Instructions for the task
The entries below contain a line with "El H. Ayuntamiento" and a line with "coloured silks and". Quote exactly those two lines and all lines between them.

Source material

━━━━━━━━━━

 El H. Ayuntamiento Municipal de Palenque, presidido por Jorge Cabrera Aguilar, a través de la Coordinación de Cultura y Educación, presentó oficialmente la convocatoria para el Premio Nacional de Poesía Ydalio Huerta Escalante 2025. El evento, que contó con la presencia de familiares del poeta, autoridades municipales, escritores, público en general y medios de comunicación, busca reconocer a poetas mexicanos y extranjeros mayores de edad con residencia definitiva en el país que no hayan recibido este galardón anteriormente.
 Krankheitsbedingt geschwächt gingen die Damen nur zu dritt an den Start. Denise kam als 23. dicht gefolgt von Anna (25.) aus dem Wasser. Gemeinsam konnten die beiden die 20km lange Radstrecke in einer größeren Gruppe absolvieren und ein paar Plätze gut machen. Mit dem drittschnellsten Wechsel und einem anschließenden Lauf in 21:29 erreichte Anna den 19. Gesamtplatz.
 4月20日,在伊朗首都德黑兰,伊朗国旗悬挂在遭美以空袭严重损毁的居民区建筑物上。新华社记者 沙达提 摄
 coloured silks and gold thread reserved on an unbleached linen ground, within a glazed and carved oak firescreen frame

━━━━━━━━━━

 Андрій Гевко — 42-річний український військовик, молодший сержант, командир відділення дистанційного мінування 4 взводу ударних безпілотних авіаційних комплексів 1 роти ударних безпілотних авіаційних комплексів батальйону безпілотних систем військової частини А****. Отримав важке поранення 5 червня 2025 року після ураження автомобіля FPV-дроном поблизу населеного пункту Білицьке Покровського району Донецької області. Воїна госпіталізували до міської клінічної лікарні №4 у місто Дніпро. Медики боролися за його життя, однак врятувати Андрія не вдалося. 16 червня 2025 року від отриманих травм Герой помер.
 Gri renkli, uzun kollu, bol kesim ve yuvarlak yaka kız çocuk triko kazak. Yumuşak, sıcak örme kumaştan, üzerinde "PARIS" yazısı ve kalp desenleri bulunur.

━━━━━━━━━━

Response for this exercise
 El H. Ayuntamiento Municipal de Palenque, presidido por Jorge Cabrera Aguilar, a través de la Coordinación de Cultura y Educación, presentó oficialmente la convocatoria para el Premio Nacional de Poesía Ydalio Huerta Escalante 2025. El evento, que contó con la presencia de familiares del poeta, autoridades municipales, escritores, público en general y medios de comunicación, busca reconocer a poetas mexicanos y extranjeros mayores de edad con residencia definitiva en el país que no hayan recibido este galardón anteriormente.
 Krankheitsbedingt geschwächt gingen die Damen nur zu dritt an den Start. Denise kam als 23. dicht gefolgt von Anna (25.) aus dem Wasser. Gemeinsam konnten die beiden die 20km lange Radstrecke in einer größeren Gruppe absolvieren und ein paar Plätze gut machen. Mit dem drittschnellsten Wechsel und einem anschließenden Lauf in 21:29 erreichte Anna den 19. Gesamtplatz.
 4月20日,在伊朗首都德黑兰,伊朗国旗悬挂在遭美以空袭严重损毁的居民区建筑物上。新华社记者 沙达提 摄
 coloured silks and gold thread reserved on an unbleached linen ground, within a glazed and carved oak firescreen frame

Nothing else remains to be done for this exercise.